Without question the number one thing novice designers don't understand is how long it takes to create a good design. Even great designers that have years of muscle-memory can spend hours upon hours on a design.
Novices generally don't appreciate this and just don't take enough time to produce good work.
Replace "novice designer" with "people in general".
I've been having an ongoing fight with a colleague who insists we should redo the design to a completely new theme before launch, with the rationale that it's "ten lines of CSS".
Part of the problem is that one of the qualities of good design is that it looks obvious and effortless. I have spent hours sometimes fine tuning micro-details to get just the right feel. The result of these hours of work is that it looks like it took less time rather than more - the longer I spend, the less time people assume it took :-)
(FWIW, I'm no designer, just a developer who has to put that hat on every now and then).
I actually think your 1st design is far better than your 2nd.
Applying a bunch of dribbble.com trends to a website is not design, nor will it do you any favours.
Here's a few examples:
- The image. The first one communicates your service. The 2nd just freaks me out a little bit, what does it communicate?
- I like how your original design was contained. It had a feeling of folders/filing which reminded me of files/libraries. Now you're using 960.gs it's all a bit scattered, particularly with the misaligned latin book and copy.
-The only element that stands out to me on the 2nd design is the copy in the footer. This is useful to know and instantly communicates how effective your service might be.
Your first design could use some improvements in a number of area's, mainly the copy and UI. Yet you've focused the majority of your blogpost and redesign on aesthetics.
Unfortunately you've gone from a web service that looks as though it was put together by a developer, to a web service that looks like it was put together by a developer and a terrible designer.
Looking at other web app's designs is the wrong way to design. Going on dribbble will do you no favours. Look at your users and think, what will make their visit more enjoyable/desirable/effective etc etc.
"Use gradients and drop shadows like salt and pepper."
This can work in some situations, but you should also be careful of over-using these accents. If you look at a site like amazon.com, for example, you'll see that they use solid colors and "flat" text more than gradients and drop shadows.
Gradients and drop-shadows require space to be effective.
Pages also need white space to help organize content and avoid crowding.
So, if you go with gradients or drop-shadows (or effects in that realm) know that you're doing so at the expensive of a resource that adds readability and overall usability.
That's not an argument against using these things, just an argument against gratuitous application. (Consider that Amazon, for example, manages to get a good deal of content on their pages while still being fairly easy to grok.)
"Developing design skills is a summer project of it's own."
Correction: "Learning how to use Photoshop is a summer project of it's own".
I appreciate the linkbait and all, but saying you've developed sufficient enough design skills after one site redesign is like saying you should be an engineering manager because you developed your blog in Frontpage.
"saying you've developed sufficient enough design skills after one site redesign"

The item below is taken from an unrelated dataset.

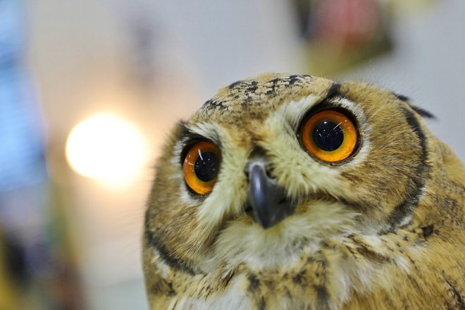 聞くところによると、生体だけでなくアパレルなんかも販売しておられるそうで、これは興味津々。「いやいや、店の2階に置いてあるだけですよ~」って、2フロアもあるじゃないですか(笑)!そんなやりとりをじっと聞いていたのかどうかは知りませんが、フクロウ君の目がとっても綺麗でした。

He's developed sufficient enough design skills to make his site look better than plain jane HTML. He's not claiming anything more.
There's nothing wrong with developing design skills over a summer -- I can develop Python skills over a summer without claiming that I'll be correcting Guido at the end of it.
I recently put something very like BookShout on my idea list... basically just shareable, public, user-created lists of reference materials (books, websites, whatever).
Looks like I don't have to build it anymore. =P
(My personal pain point was finding ordered lists of materials -- taking you from beginner to at least intermediate, produced by someone who knows what they're doing. Fingers crossed that BookShout will expand in that direction.)
I'm at the point now where I'll never design for my projects again. I've found the talent available on odesk.com is amazing and for a negligible investment I can have an amazing site to show my work in the best light. The cost is easily justifiable as I'd rather spend the money on someone talented than waste time doing something I suck at (and have no intention of becoming better).
I'm curious, how did you trawl through odesk to find a designer worth a damn? The place is just overflowing with bodies, all of them (that I've seen) completely talentless.
The ones I used I searched for. I looked for keywords related to what I wanted, found people, looked at their portfolio, and asked a few of them to apply to my job posting.
I'm still new to it, but I've already worked with two designers, one psd conversion guy, and an audio engineer. My experience with all of them was positive enough that I plan to use the service again.
Novices generally don't appreciate this and just don't take enough time to produce good work.